El sobre contenía el documento sobre el consejo que J. B. le había pedido. Según él, oficialmente el CRC lo formaban un grupo de propietarios que se ocupaba de regular las operaciones de compra y venta de terrenos en el valle. En sus estatutos constaba que los miembros eran elegidos por los ayuntamientos, pero no era difícil advertir que los nombres no habían variado desde hacía décadas y que los apellidos seguían siendo los mismos casi desde su fundación. Quedaba claro que su principal función era asegurarse de que la propiedad de las tierras del valle estaba en manos de los autóctonos y alejarlas de los especuladores. Lo que no quedaba tan claro era qué los legitimaba para decidir si las compras o ventas eran convenientes, y en cualquier caso, para quién lo eran. También parecían estar relacionados con las recalificaciones de tierras, una atribución que legalmente correspondía al departamento de gestión del suelo de cada ayuntamiento y que debía ceñirse al plan de urbanismo dictado por la Generalitat.
J. B. cerró el portafolios y se acercó a la ventana.

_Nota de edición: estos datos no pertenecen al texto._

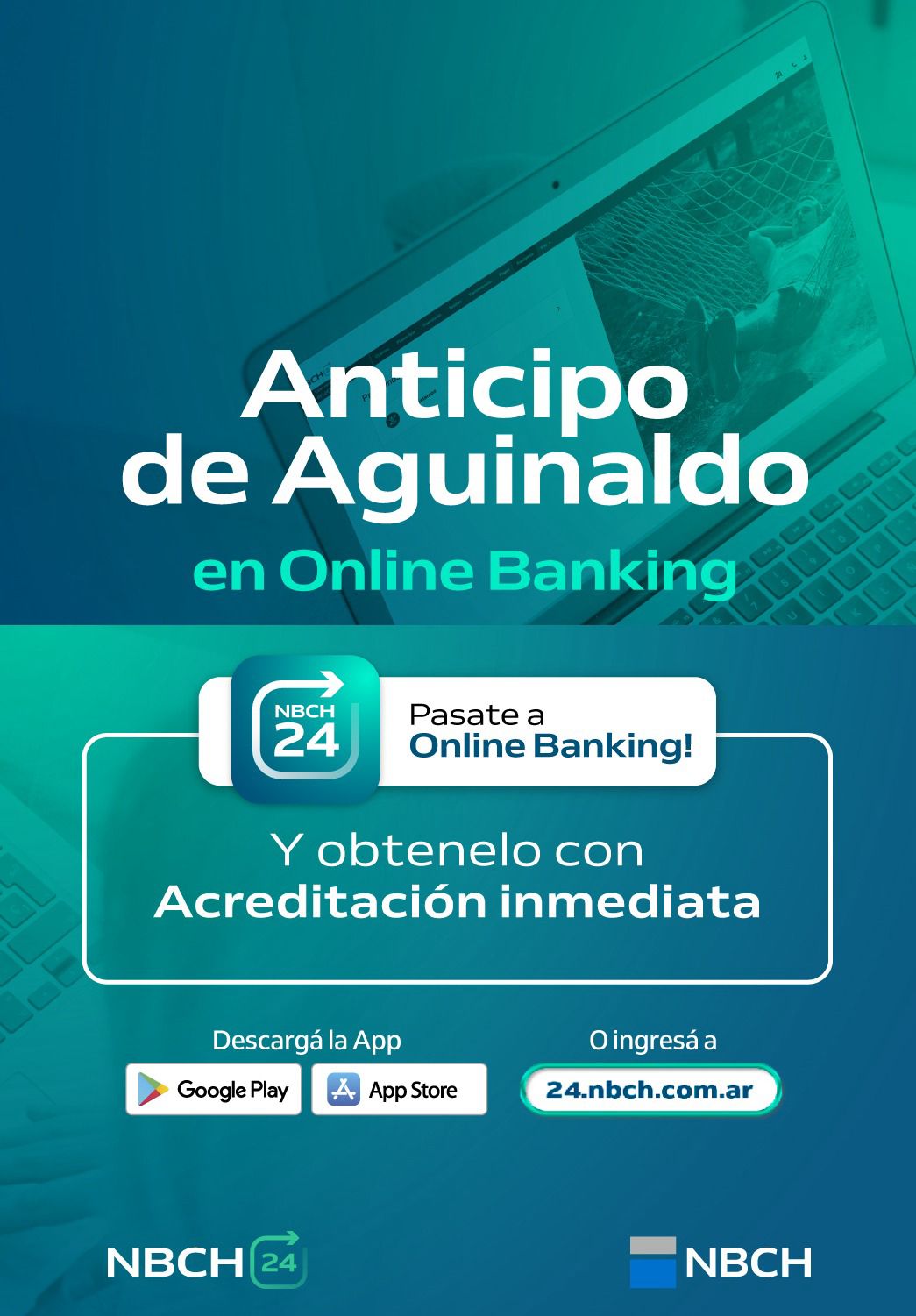 También se puede sacar el anticipo de aguinaldo a través de cajeros automáticos, con acreditación 48 horas. Y en las sucursales NBCH de toda la provincia.

El aparcamiento estaba completo, aunque no en la zona de las motos. Ver la suya le recordó el trayecto con la hermana de Miguel. Sonrió al pensar que al final ella había metido las manos en sus bolsillos. Bien. Se le ocurrió que era como si hubiese dos personas en ella: la abogada inflexible y la niña de la foto, que de vez en cuando aparecía con su luz salvaje y la cercanía de un colega. Había que reconocer que sabía ir de paquete, pues cuando empezó a apretar en las curvas para comprobar si sólo sabía mandar, se había pegado a él como una profesional. Eso sí, al pisar el suelo había vuelto a la carga defendiendo a la veterinaria…

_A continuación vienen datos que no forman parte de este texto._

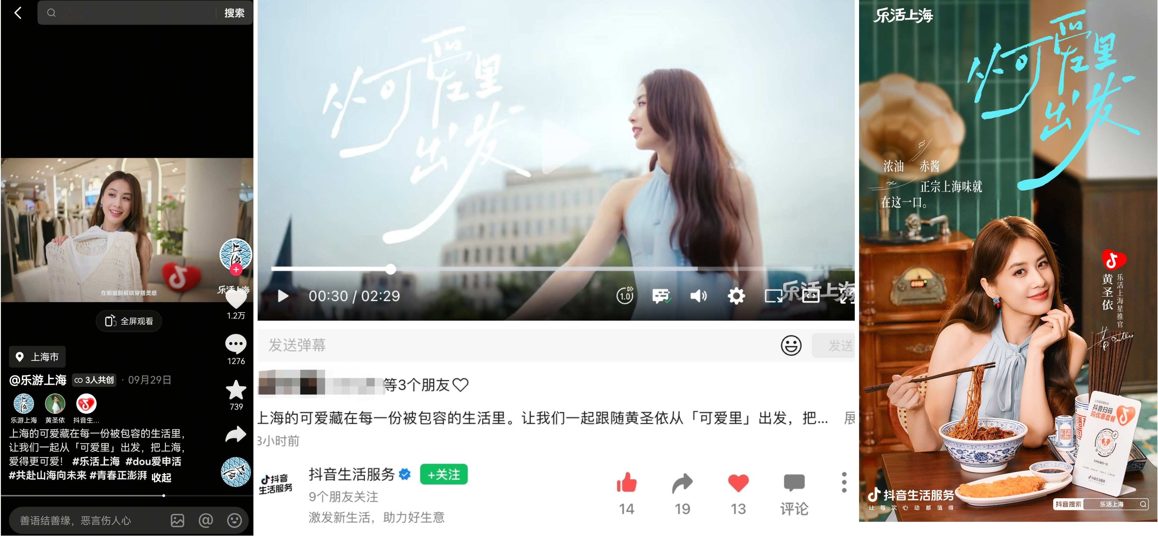 海派明星,更懂上海。抖音生活服务特别邀请沪籍明星黄圣依拍摄“乐活上海”城市宣传片,携手“乐游上海”与上海旅游节同频共振联合宣发,为国庆、中秋双节庆交易爆发提前预热。“从上海的可爱里路出发,展现摩登魔都和烟火人间双面形象。”短片结合生活服务全场景,联动本地老字号餐饮商家——福和面馆、馋三尺及三玛璐酒楼,百联集团第一百货的逛街购物场景,以及太平洋新天地观光厅观光旅游场景,带领平台用户跟随黄圣依体验上海的多层可爱生活。

Se preguntó si estaría al corriente de lo que le había contado el ex comisario sobre su padre, de la supuesta relación de Bernat con su muerte. No era probable, y dio por hecho que tampoco sería capaz de encontrar al remitente de la botella, tal como había prometido. Bueno, por lo menos no podría quejarse de que él le hubiese puesto impedimentos, aunque decirle que la dejaba hacer mientras no se metiese en su terreno había sido arriesgado. Había que reconocer que la lista de enfermos que tomaban digoxina que le había proporcionado le ahorraría la visita a la farmacia. Llamó a la farmacéutica para anular la reunión y, mientras esperaba, abrió el cajón para ver la lista de la letrada. Seguro que ya estaba en Barcelona, con la toga puesta y machacando a algún infeliz. J. B. colgó tras dejar un escueto mensaje. Debía de ser un espectáculo verla en acción y, desde luego, era mejor tenerla a favor que en contra, igual que sucedía con el ex comisario. El teléfono sonó y evaporó esos pensamientos.